Going to start out saying I work at a partner. These are my 2 cents:

  • The endpoint license is pretty damn cheap compared to regular AV or even Cylance or Traps and it does have an AV checkbox if you want to enable it. It’s pretty cool and offers anti-malware with visibility to the endpoints. Now you can buy that separately from the Firepower solution but I think it’s cool you can combine the two and see some extra intelligence in the dashboard.
  • Quarantining endpoints is great too but you need to have a supported NAC (ISE) to make that happen on the port level or you can do stuff like firewall/route shun without anything else etra.
  • RA VPN - I’m part of the partner betas for that. It’s coming probably in the next couple months when the beta is over.

Someone asked what FP vs ASA with Firepower is. Firepower Threat Defense (FTD) is the unified code which has a lot of great features on it but there are obviously features missing from ASA as they’re porting stuff over. ASA with Firepower is ASA code with a software module you can send your traffic through.

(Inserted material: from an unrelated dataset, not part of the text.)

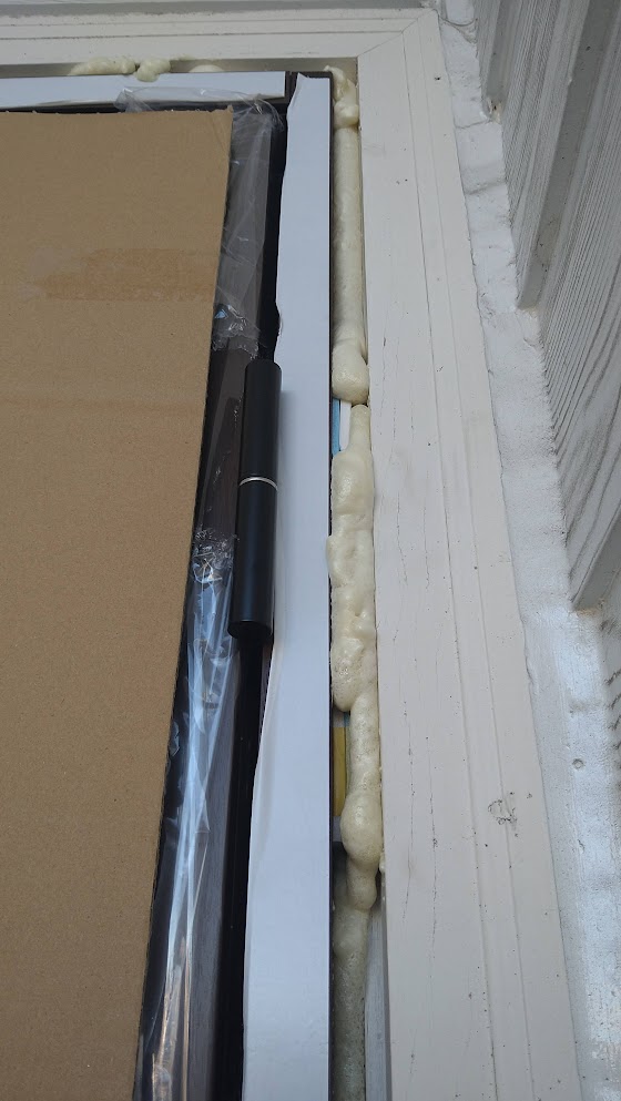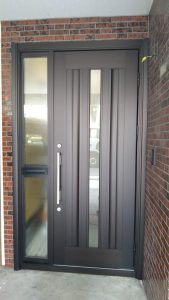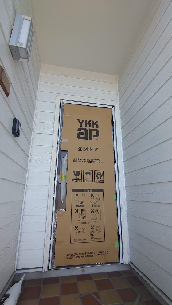 玄関ドアの方は枠の取り付けも完了し、玄関ドア本体を取り付け。

Check out the NSS labs reports. You have to pay to get independent access to them, but you should be able to get a free copy from your sales reps. I’d also strongly suggest you include Fortigate in your analysis… they have a great product at a reasonable cost and will likely be who we go with.

I sat through 3 hours of presentation with Cisco and a VAR and can’t clearly answer that question. I quite literally think Cisco may not even know (LOL).

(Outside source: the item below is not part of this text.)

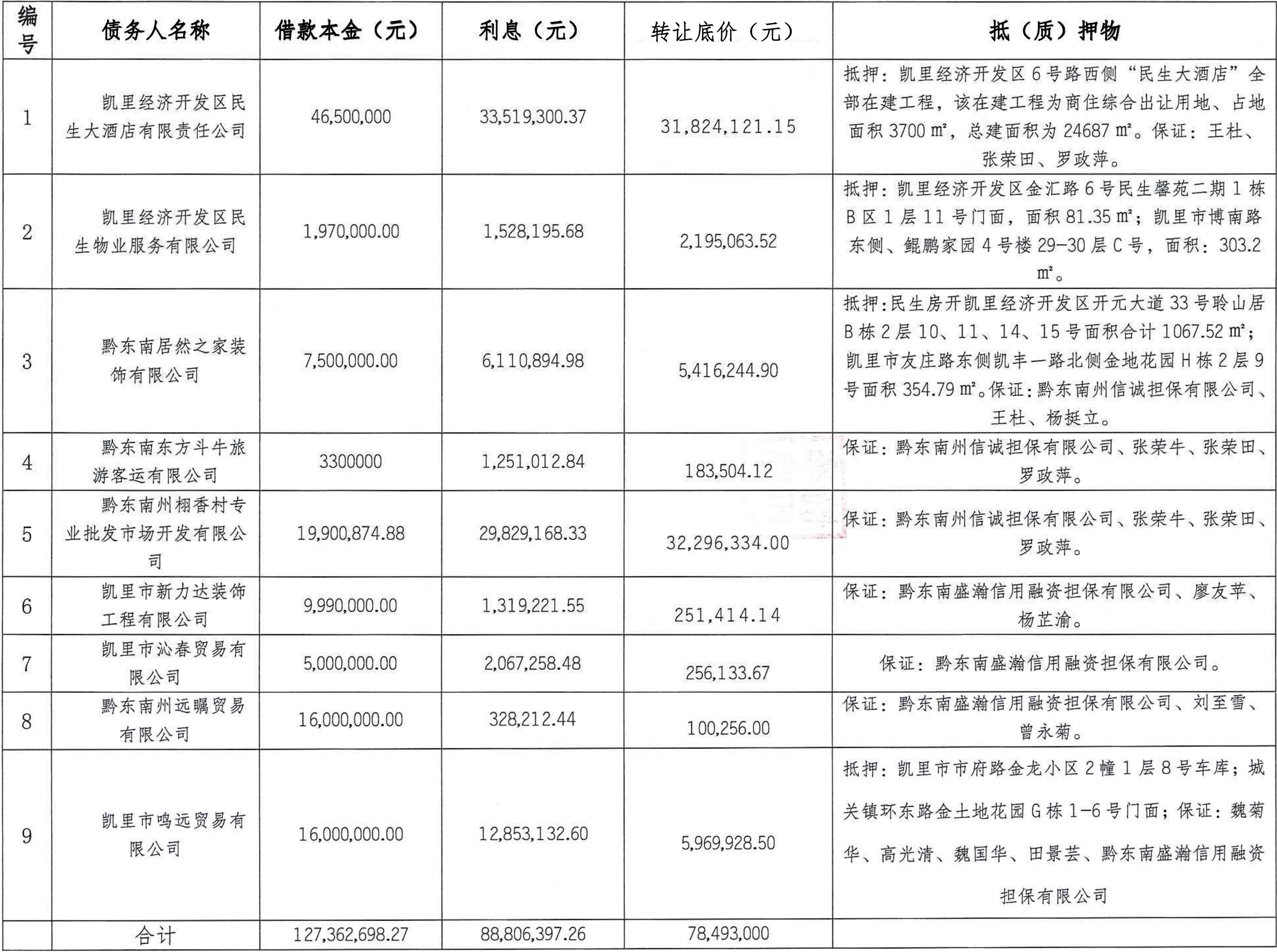 凱里經(jīng)濟開發(fā)區(qū)民生大酒店有限責(zé)任公司等 9 戶債權(quán)資產(chǎn)包整體轉(zhuǎn)讓

Cisco will claim otherwise, but judging by the Smartnet trajectory, they are heavily incentivizing you to move to the FP platform. The ASA platform is going away or at best will be neglected. I wouldn’t buy a 5585 right now. You could get a Fortigate for half the TCO and not have to deal with the Cisco bullshit.

Among the limitations I noted, FP doesn’t do (or the SE was dumb) NAT, simple ACLs, or client VPN. Which is fucking hilarious. You need a firewall to get your firewall to do firewall things. The FP is also basically a hypervisor, and Cisco has modules for everything. They recommended like 6 different products for us. I imagine that’s going to be a major pain in the ass to configure and maintain with subscriptions and service for everything.

When I pressed the SE with “I shouldn’t need a CCIE-Sec to configure this firewall, this seems very complicated and I’m not seeing the vision”, they dodged with Oh man but check out this cool stuff we can do if you get endpoint security.

RemindMe! 5 weeks “update this guy when you know fp”

FTD currently does NAT, simple ACLS and will do client VPN in the next version which my company is beta testing now. Sounds like your SE did a canned demo of all the integration points and wasn’t much of a security expert to answer you on the things you cared about. It happens…

I will be messaging you on [2017-03-02 18:12:16 UTC](2017-03-02 - Wolfram|Alpha 18:12:16 UTC To Local Time) to remind you of this link.